The type-independent resource theory of local operations and shared randomness

TL;DR

This paper introduces a comprehensive resource theory framework for nonsignaling resources in quantum information, allowing conversion between resource types and unifying various nonlocality and quantum correlation concepts.

Contribution

It develops a unifying LOSR-based resource theory that encompasses all nonsignaling resources and their associated games, generalizing previous results and enabling measurement-device-independent characterization.

Findings

Semiquantum games fully characterize LOSR nonclassicality of all resources.

Resources can be converted into any other type, including game strategies.

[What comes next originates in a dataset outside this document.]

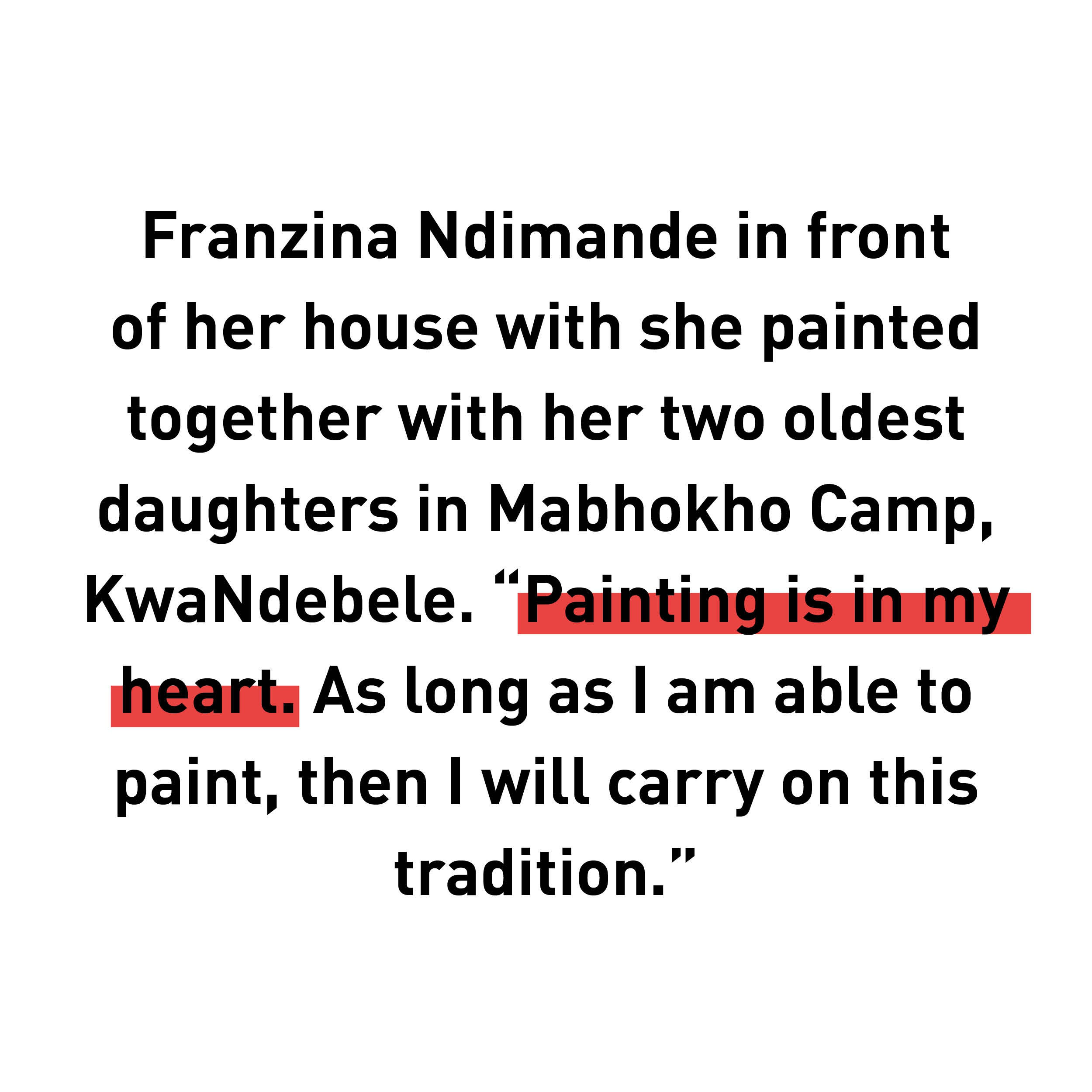 The paintings, just as murals and beadwork, are an art developed by a minority group within a polyethnic society to establish and affirm their identity. While the colorful Ndebele wall decorations are a relatively recent tradition, beadwork traditions go much farther back. Colorful beads have been worked onto aprons in elaborate geometric designs since the 19th century. Before the murals, Ndebele women had already developed a complex visual language in their beadwork patterns, which similarly served as markers of identity. Only with the availability of acrylic paints after the Second World War and the proliferation of larger houses with rectangular ‘canvases’, a gradual elaboration of the mud-plastered walls beyond the simple outlining of doors and windows emerged. Originally only colors made from natural pigments were available, but with the emergence of trading stores brushes and acrylic paints became accessible from the mid 20th century onwards. While still inspired by age-old visual traditions, this new range of vivid colors increased the graphic effect of the large murals significantly. A remarkable aspect of Ndebele painting is the fact that it is composed freehand, without preliminary drawings or the use of any other tools except the painter’s hands, her brush, and her innovative spirit.

The framework reduces assumptions needed for nonclassicality characterization.

Abstract

In space-like separated experiments and other scenarios where multiple parties share a classical common cause but no cause-effect relations, quantum theory allows a variety of nonsignaling resources which are useful for distributed quantum information processing. These include quantum states, nonlocal boxes, steering assemblages, teleportages, channel steering assemblages, and so on. Such resources are often studied using nonlocal games, semiquantum games, entanglement-witnesses, teleportation experiments, and similar tasks. We introduce a unifying framework which subsumes the full range of nonsignaling resources, as well as the games and experiments which probe them, into a common resource theory: that of local operations and shared randomness (LOSR). Crucially, we allow these LOSR operations to locally change the type of a resource, so that players can convert resources of any type into resources of any other type, and in particular into strategies for the specific type of game they are playing. We then prove several theorems relating resources and games of different types. These theorems generalize a number of seminal results from the literature, and can be applied to lessen the assumptions needed to characterize the nonclassicality of resources. As just one example, we prove that semiquantum games are able to perfectly characterize the LOSR nonclassicality of every resource of any type (not just quantum states, as was previously shown). As a consequence, we show that any resource can be characterized in a measurement-device-independent manner.